A huge 74% of men and 68% of women admit they would have an affair if they knew for sure they would avoid being caught. Clear proof that most cheaters actually still care about their partners and the reasons may be deeper for wanting to cheat than purely leaving the relationship. Maybe it really is just the attraction of trying something different but then again, the average affair lasts 2 years, thats more than just a brief taster of a different variety! Possibly the excitement of doing something a little bit naughty, the risk of getting caught is the attraction, many of us do long for a more crazy life at times.
A regular reason why someone won't leave their partner and instead may just cheat on them, is the involvement of children. Some people may want out of their marriage/relationship yet hold back from leaving knowing that if they leave then they will put their children through much distress as they see their mother or father leave the home. Therefore they may feel by staying in the relationship and keeping the family happy, while having a bit of fun on the side to satisfy themselves, everyones a winner! Until they're caught that is!
What I would really like peoples opinions on is, when a person is cheating on a loved one, is the person they are cheating with, equally to blame? Or is 100% of the blame purely on the shoulders of the cheater? And what do people class as infidelity, is it cheating to passionately kiss someone else or is it only cheating when it leads further onto sex?
Thursday 19 February 2009
Smoking
Personally, I don't smoke and have very few relatives or friends who do, but those I know who do smoke regularly, tell me how much they regret starting in the first place. Yet they do not stop. Why?
I've tried cigarettes a couple of times before and personally felt they were flavourless (likely reason for that being that on both occasions I've been rather drunk and probably still have the taste of sambucca in my mouth) but I've had no urge to want another since.
There's a lot of negatives associated with smoking, I aint going to go into the health problems linked with it, we've all heard of those and are aware by now, but I also struggle to understand why anyone would want to go into smoking with the short-term problems linked to it.
For a start, smoking cigarettes creates one disgusting smell, and your teeth and fingers go a weird yellow stained smell! Plus with the smoking ban in pubs, offices etc, smoking must be an absolute nightmare in the winter and cold nights when you have to keep standing outside to 'have a fag'. And the cost! It's quite an expensive habit, unless you're scaving them off your mates of course, may I ask any smokers reading this, how much do you spend on smoking a week.

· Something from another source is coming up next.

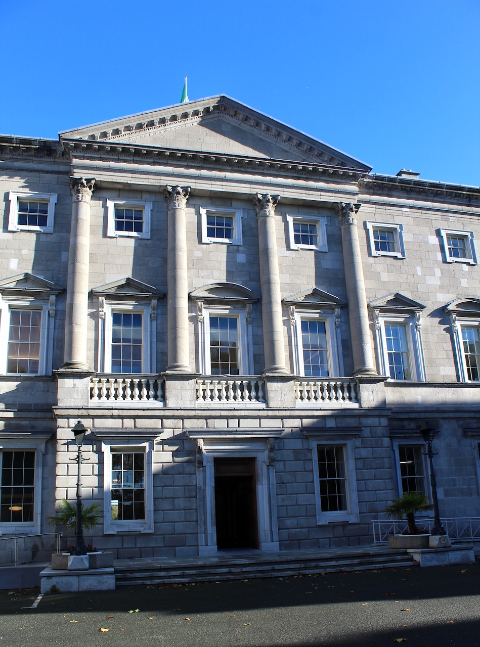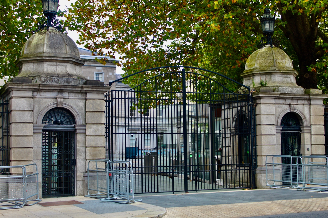 In the Malton drawing of Leinster house we can see that the side walls of the forecourt had pedimented arches. The present piers, wrought iron gates and railings were added in the 1880s, built by T.N. & T.M. Deane.

Another thing I would like to ask the smokers out there, is would any of you, seriously, recommend smoking to someone close to you, or even anyone at all? Or is there something I'm missing or is smoking just an image thing for many people?
Thursday 12 February 2009
Week 12!?!?
Ideas for week 12, hhhhmmmmmmm, uuuuummmmmm, is alcohol abuse on the topic already, or sexual fantasies? That'd be interesting wouldn't it, especially after the first week when we found out someone had a thing for sleeping with their boyfriends dad! Or we could just all go out on a session, fancy-dress up town and get absoluted blasted?!?!